July 31, 2005 - Tripping around Ohio, and oghiois
Today was the Lughnassadh rite, and I'm writing this at my desk. I made some hefty sacrifices, and they were well received (once I got them all off).
Today I also drove back from Toledo, stopping at two key places on the way: Ghost Town and the National Srhine of Our Lady.
Ghost town was amazingly quaint, and a lot of fun. I decided to visit it because the name intrigued me, as did its out of the way location on the map. I'd seen it on the map before, and had gotten curious, but it was a good two hours away. It was convenient to stop by today, as it was just south of Findlay, OH.
I paid my $5 admission fee, and wandered about for a while. The owner gave me a bit of a personal tour, and it was a pleasure to chat with him. He was very much into archeology.
I got on my way about an hour later, and wandered down the road to the National Shrine of Our Lady in Carey, OH, where I thought I would pick up some holy water.
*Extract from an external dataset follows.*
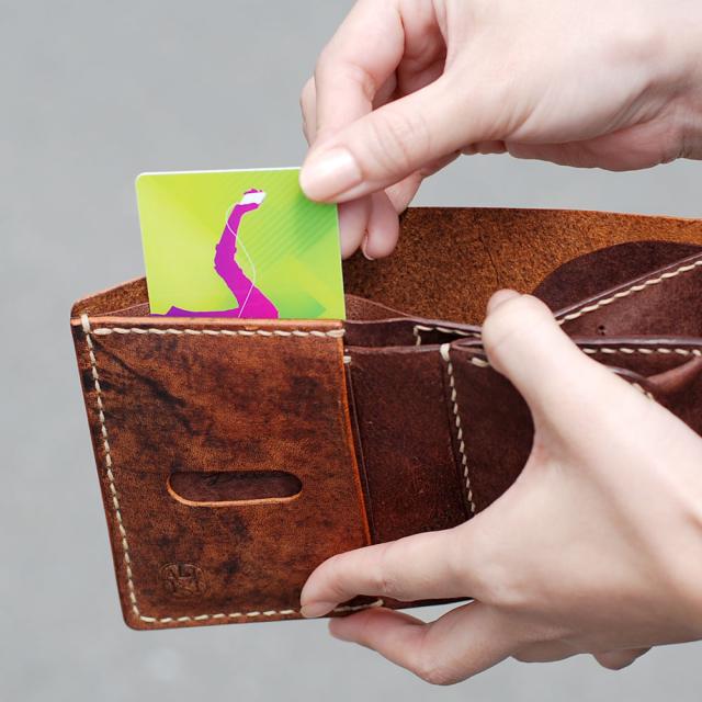 D Walletの特徴は、二通りの使い方が選べるところ。基本はコンパクトな二つ折り財布として。コインポケットの差し込み部分を抜き取ると、小銭入れと二つ折りタイプの札入れ(小銭入れなし)の二つに分かれます。普段は電子マネーが中心で、予備としてのコインを携帯する場合には、後者のスタイルがぴったりでしょう。二つを合わせて使うとき、カード収納の窓からブランドネームの刻印が見える仕掛けは、リティスタならではお洒落な演出です。札入れスペースは、中に小さな羽根のような二枚の仕切りが付いていて、お札を細かく整理できるようになっています。小銭入れはフラップ付きのボックス型。差し込み部分のミニポケットには切符やメモなどを仕舞うことができます。カードポケットは左が窓付きで、右はスリットタイプの三段。また、左上部には縦入れで本体を閉じたままでも出し入れできるカード収納もあって、ここには複数枚のカードが重ねて入ります。

Never know when you might need that.
I wandered into the gift shop first, picking up two saint medals, one of St. Barbara, and one of St. Michael. I also picked out a rosary of very pretty, darkly stained wood and three bottles for holy water.
Following this, new rosary in hand, I went to the original Shrine Church on a tip from the gentleman who ran Ghost Town. Opening the door to the silent, small church was amazing.
The door was heavy, yet it swung easily, and the building was silent. The air held a scent of frankincense, as if a service was going on around me and I simply couldn't see it. I stepped into the central aisle and stopped, listening.
Then I felt it.
The Church was full of energy, the kind we "raise" in ritual ourselves. Everything was right, everything was powerful. The world was a magical place, and miracles happened here.
I had my first experience with oghiois in that church. The energy there was beyond paradigm. Had I stood there with a Christian, or a Jew, or a Native American shaman, or a Hindu yogi, we would have all felt exactly the same energy. We may have interpreted it differently, but as I stood there, I realized that each of us would feel the exact same thing, and our paradigm would translate the feeling into
I stood as I often do in ritual, my feet apart, my head tilted back, my hands out, palms up.
"Wow," I said, "It's here."
My mind has never really defined "it," but it knows what "it" is. "It" is the same in every religion, that deep, numinous,
ineffable sense of absolute <i>right</i>.
And "it" was definitely there.
Following this, I viewed the rest of the building, walked over to the new basilica, viewed the evidence of healing, got my
water, checked out the grounds, and left for my Grove rite.
It was the most relaxing day ever.
I wanted to play hooky from that ritual sooooo damn bad.
But, I got over it, and I had a lot of fun at the rite. Of course, I don't think anyone thought I was having fun. I think a lot of my Grove members sometimes forget how hard I work on these things. I don't blame them: I certainly never realized how hard it was to run these things when I was a member of 6th Night.
Tomorrow is my last day with this journal. Thanks for reading!